私にとっては久々の「地雷」作品でした、オトナのライトノベル読者にはおすすめしません。

Chaos Kaoz Discaos (ファミ通文庫)

Chaos Kaoz Discaos (ファミ通文庫)

ひとりの男が生み出した超科学「境界理論」。その研究のための忌まわしい人体実験の生き残りで、特殊能力をもつ子供たち《I/O》が警視庁公安部第零課として、文字通り悪魔に魂を売った研究者たちに容赦の無い復讐を行う血みどろの物語。

どこからどうみてもいわゆる《厨ニ》魂があふれるプロットです。通常は書店で平積していてもカバー裏のあらすじを見て避けるところなのですが、今回敢えてチャレンジ。実は何を思ったのか《えんため大賞》受賞作をまとめ買いしてしまいました。気づいたときには手遅れ。
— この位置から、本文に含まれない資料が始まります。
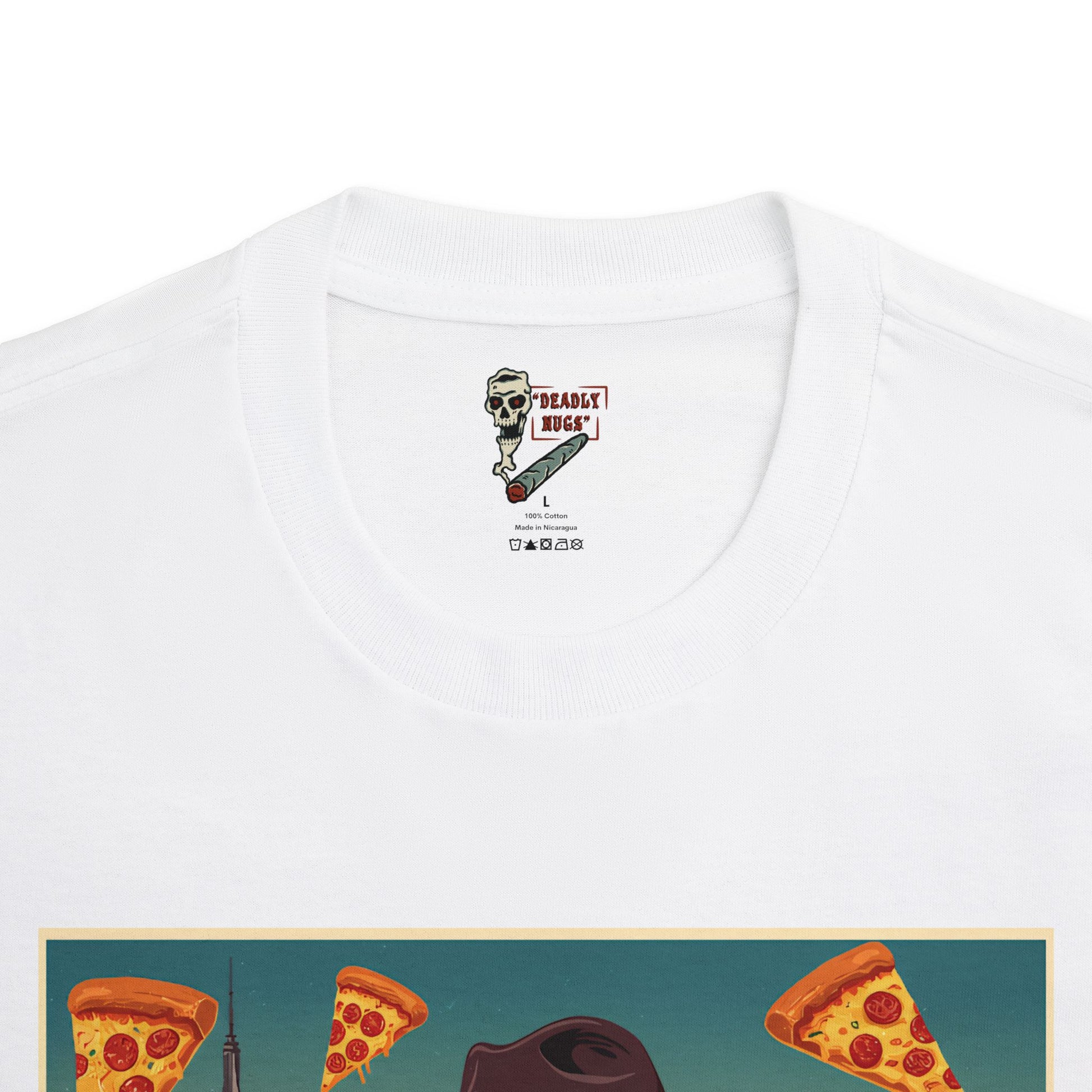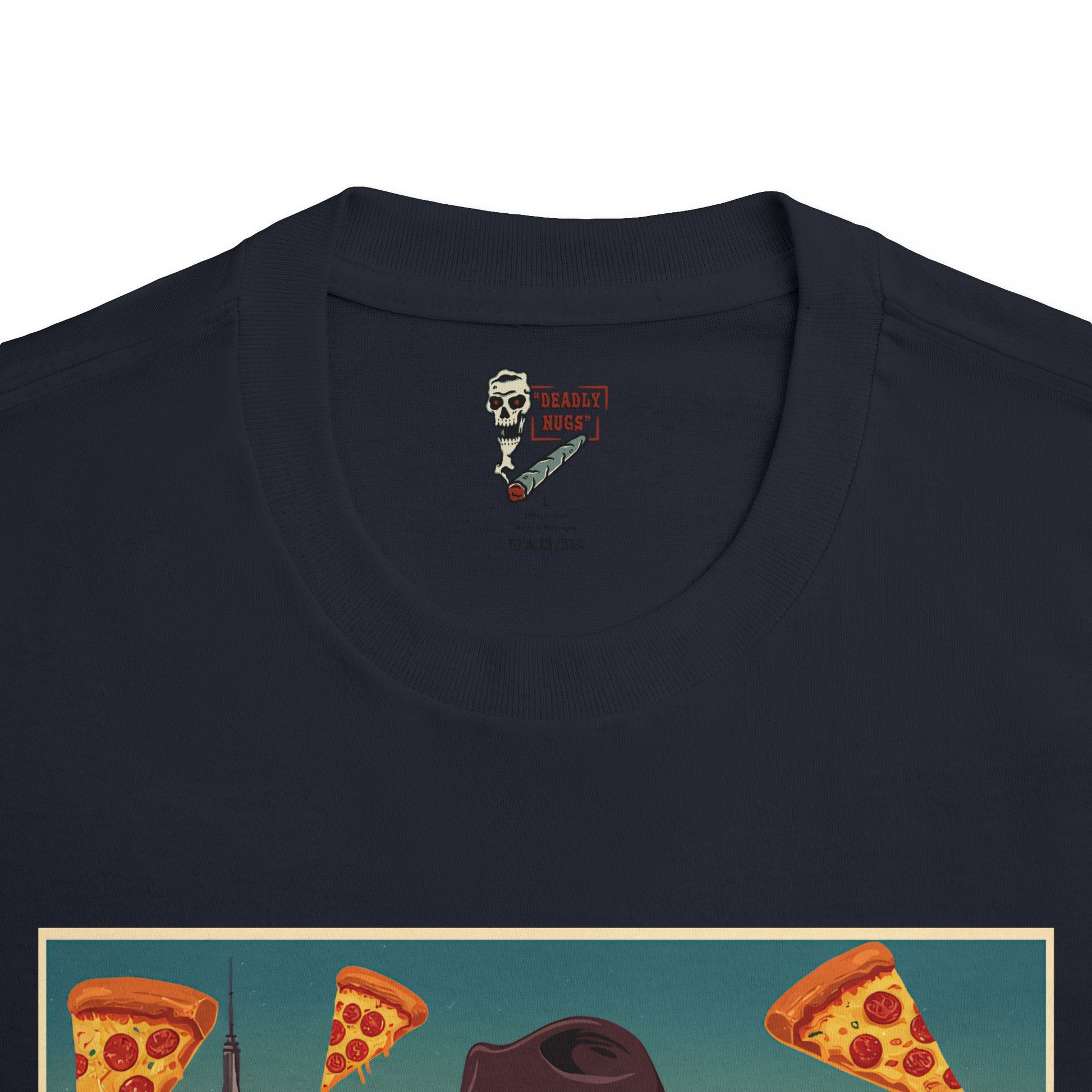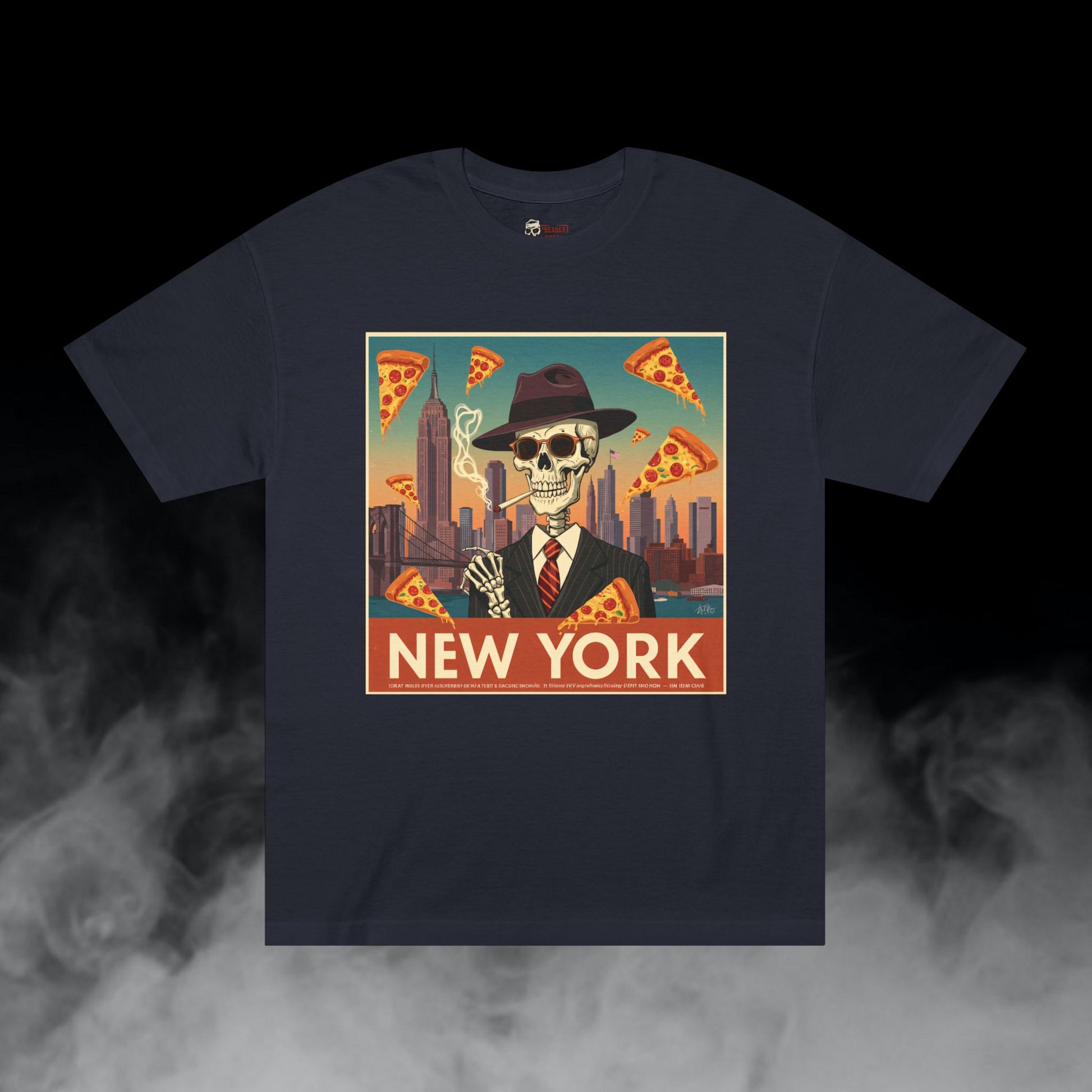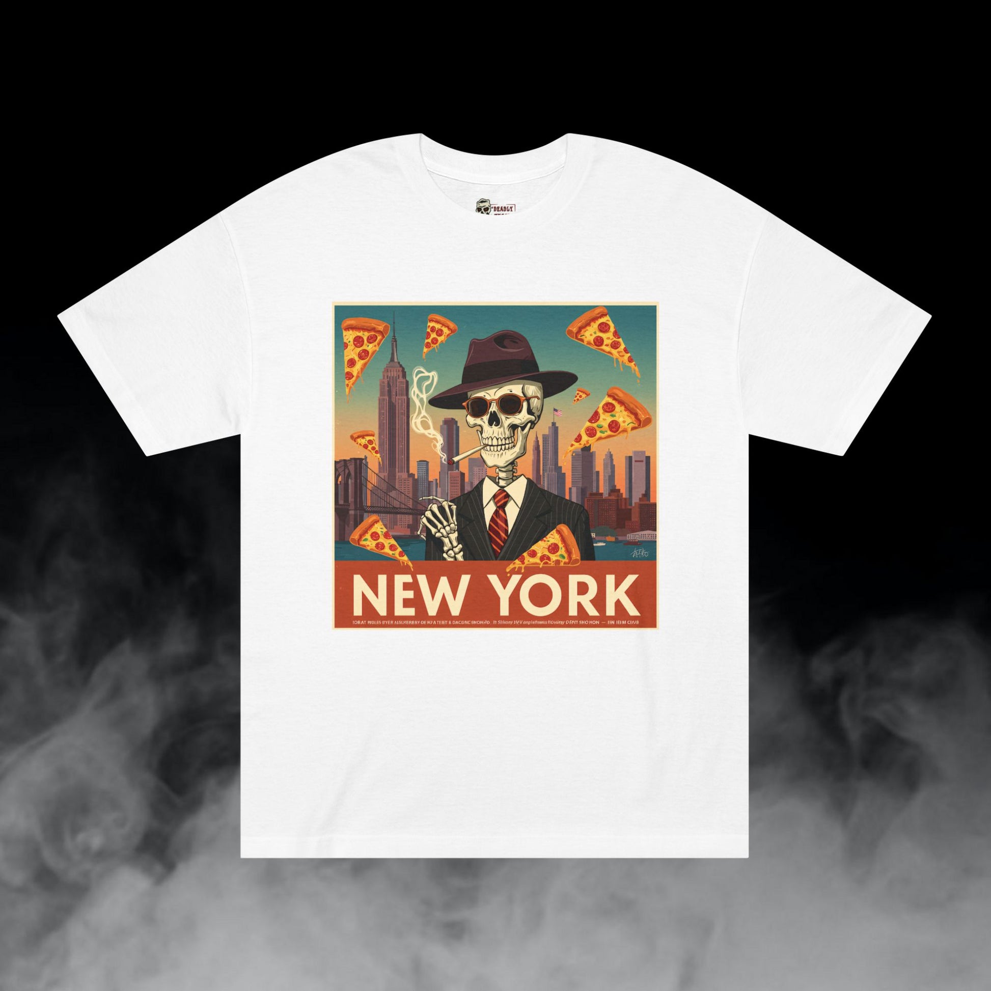 Pizza New York / City Skyline Skeleton Smoking Pizza Graphic Tee / Classic Vintage Travel Poster Art Style / 420 Underground Stoner Streetwear / DEADLY NUGS

ページが進まないときは、作者は不登校のひきこもり少女で、自傷行為から立ち直り、一念発起して本作を書き綴った、という妄想設定で自らを欺き最後まで読みきりました。23歳男性じゃない23歳男性じゃない……と。

冗談はさておき、本作中で扱われるオカルトすれすれの超科学も血みどろバイオレンス描写も、特殊な身体的特徴も持つヤンデレ主人公も、被虐嗜好をもつ危ない設定のロリっ子も、生理的な拒否反応を示すほど受け入れ難くはないです。
小説技術的にはコンパクトな地の文とかエロ度増量気味の会話描写とか完成度は低いとは言えず、一般的にはリーダビリティも悪くないハズですが、ハズなんですが、一向にページが進まなかった……。
結局のところ世界観が受け入れられず、登場人物の動機づけに違和感を感じたということだと思います。